Posen: central banks should up bond buys
THE EUROPEAN Central Bank (ECB) upped its purchases of peripheral Eurozone debt last week, but bought less than many analysts expected.
The ECB announced that it bought €7.986bn (£6.888bn) in the week to 18 November.
With the single currency area’s government debt crisis rolling on, the ECB now holds €194.5bn of debt.
Yet dovish Bank of England official Adam Posen yesterday called for the ECB, and the Federal Reserve in America, to splash out on government bonds in a bid to stimulate the recovery.
“They should buy significant quantities of government securities to help push down long term interest rates and encourage investment,” Posen said in the International Herald Tribune.
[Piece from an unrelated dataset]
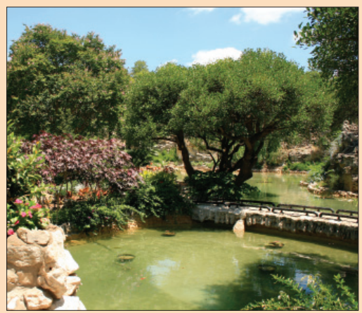
The Japanese Tea Gardens feature beautiful floral displays, a waterfall and a safe habitat for new Koi and aquatic plants.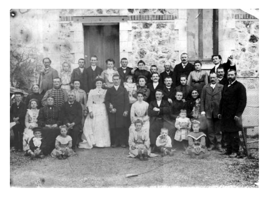
Figure 1. Portrait of a marriage in Oeuilly (Marne), 1905. Bride, groom, their parents, and relatives all lived in three villages situated five kilometres from one another. They were farmers or farm workers.

“In my opinion we can go further,” he added. “Central banks and governments can engage in forms of coordinated action that will target the burden of past debts that is hanging over the global economy.”
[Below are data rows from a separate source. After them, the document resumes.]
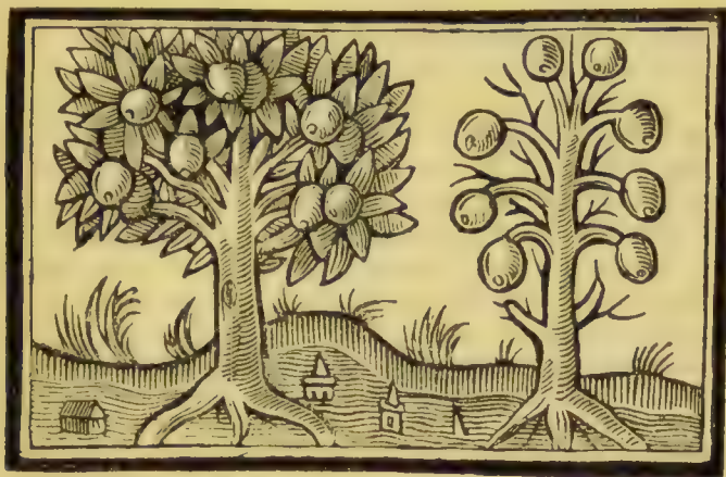
Dead Sea Fruit. From Maundevile's Travels.

cuttethe hem in two, he schalle fynd with in hem Coles and Cyndres, in tokene that, be wratthe of God, the cytees and the lond weren brente and sonken in to Helle."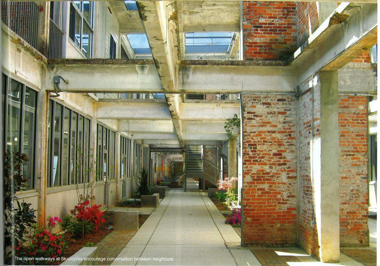
The open walkways at Studioplex encourage conversation between neighbors.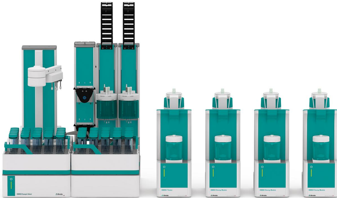
Figure 1. OMNIS Robot S with Discover and parallel analysis.

OMNIS automates the entire analysis process with: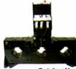
TYPE B 375K SEPARATE MOUNT (LS 220K, 280K, 375K,)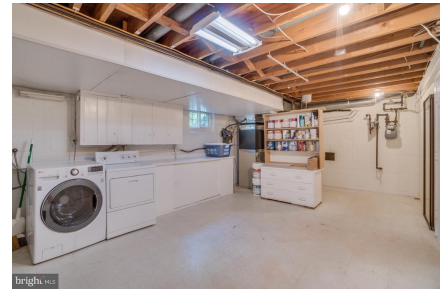
Basement Leading To Garage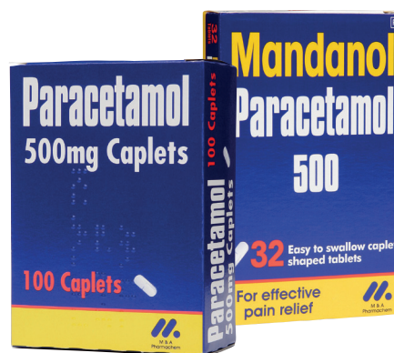
Paracetamol 500mg Tablets Caplets

Posen, an American academic on the Bank of England’s Monetary Policy Committee, has long called for more quantitative easing in the UK.
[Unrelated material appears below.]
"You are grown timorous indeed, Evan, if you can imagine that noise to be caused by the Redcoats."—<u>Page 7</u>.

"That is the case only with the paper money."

Senior official Ewald Nowotny said the ECB would not start printing more money, however. “In this simple form, of course not,” he said, although admitted that the role of the ECB was under discussion.
Posen’s advice could not have contrasted more sharply with a vicious attack on the “toxic” debt-buying by German conservative Alexander Dobrindt at the weekend.
“I find it dubious that the [ECB] is always buying new sovereign bonds from indebted states,” he said.
“He who covers himself with rotting paper eventually ends up with a toxic shock,” added Dobrindt, whose party is the Bavarian variant of Chancellor Angela Merkel’s Christian Democrats and one of three in her centre-right coalition.